Association of associated complications/disorders with different levels of knowledge.
| Serial No. | Complication | Knowledge level | Significance of difference | ||||||
|---|---|---|---|---|---|---|---|---|---|
| Poor(n=87) | Average(n=78) | Good(n=85) | χ2 | p | |||||
| No. | % | No. | % | No. | % | ||||
| 1 | Urinary protein | 22 | 31.4 | 27 | 38.6 | 21 | 30.0 | 2.468 | 0.291 |
| 2. | H/o diabetic ketoacidosis | 8 | 36.4 | 8 | 36.4 | 6 | 27.3 | 0.544 | 0.762 |
| 3. | H/o hypoglycemia | 1 | 12.5 | 4 | 50.0 | 3 | 37.5 | 2.147 | 0.342 |
| 4. | Retinopathy | 27 | 39.7 | 23 | 33.8 | 18 | 26.5 | 2.410 | 0.300 |
| 5. | DKD | 15 | 33.3 | 18 | 40.0 | 12 | 26.7 | 2.264 | 0.322 |
| 6. | PNP | 56 | 35.7 | 48 | 30.6 | 53 | 33.8 | 0.152 | 0.927 |
| 7. | CVD | 1 | 33.3 | 1 | 33.3 | 1 | 33.3 | 0.007 | 0.997 |
| 8. | CAD | 26 | 32.5 | 27 | 33.8 | 27 | 33.8 | 0.426 | 0.808 |
| 9. | PVD | 1 | 12.5 | 2 | 25.0 | 5 | 62.5 | 3.257 | 0.196 |
| 10. | ECG abnormality | 26 | 36.1 | 21 | 29.2 | 25 | 34.7 | 0.199 | 0.905 |
DKD: diabetic kidney disease; PNP: peripheral neuropathy; CVD: cerebrovascular disease; CAD: coronary artery disease; PVD: peripheral vascular disease.

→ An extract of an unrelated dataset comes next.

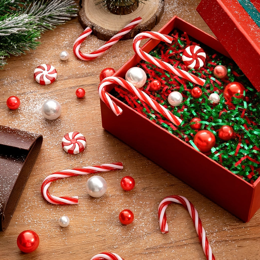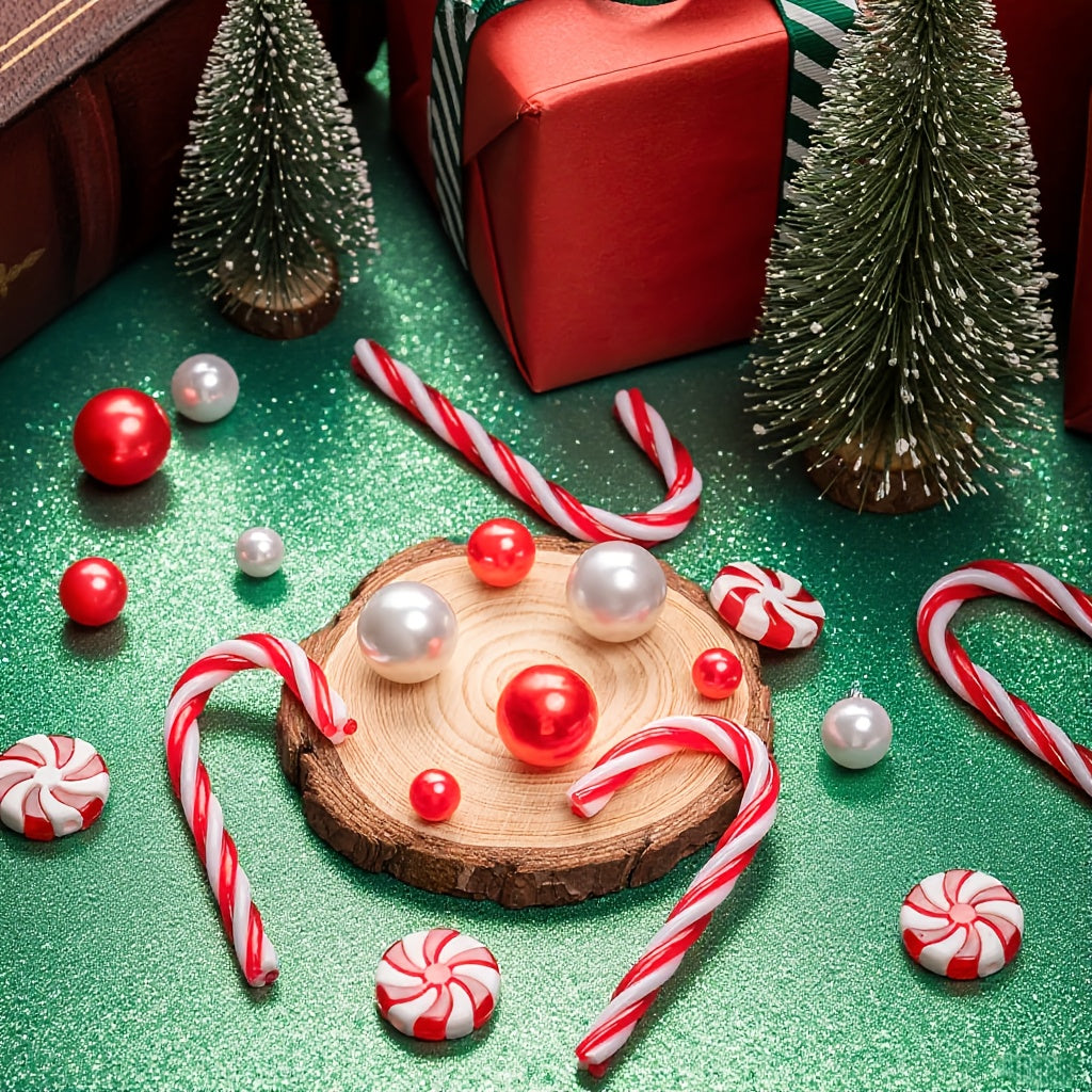 531pcs, Floating Beads for Centerpieces Vases, Vase Fillers, Christmas Vase Filler, White and Red Fake Candy Cane Decor, Christmas Table Decor, Christmas Vase Fillers for Home Table Decorations, Christmas Home Decor

No significant difference among groups with different levels of knowledge was observed as regards associated complications/disorders. PNP was the most common complication/disorder seen (Table 8).

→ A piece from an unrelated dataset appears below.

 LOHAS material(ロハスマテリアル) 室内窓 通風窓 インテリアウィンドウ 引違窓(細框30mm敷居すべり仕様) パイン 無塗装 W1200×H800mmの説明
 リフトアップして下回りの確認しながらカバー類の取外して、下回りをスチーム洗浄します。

Comparison of mean blood pressure levels among subjects with different categories of knowledge.
| Serial No. | Parameter | Knowledge level | |||||
|---|---|---|---|---|---|---|---|
| Poor(n=87) | Average(n=78) | Good(n=85) | |||||
| Mean | SD | Mean | SD | Mean | SD | ||
| 1 | SBP | 145.86 | 16.95 | 141.03 | 13.83 | 140.71 | 13.07 |
| F=3.270; p=0.040 | |||||||
| 2 | DBP | 80.57 | 6.35 | 79.49 | 4.53 | 78.94 | 5.57 |
| F=1.919; p=0.149 | |||||||
SBP: systolic blood pressure; DBP: diastolic blood pressure.

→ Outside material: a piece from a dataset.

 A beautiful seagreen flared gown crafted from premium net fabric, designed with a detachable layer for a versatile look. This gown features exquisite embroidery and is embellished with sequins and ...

Though a statistically significant intergroup difference in mean, systolic blood pressure (SBP) was observed among different knowledge level groups (p<0.05), the magnitude of the difference was very small. There was significant relationship with mean diastolic blood pressure (DBP) (Table 9).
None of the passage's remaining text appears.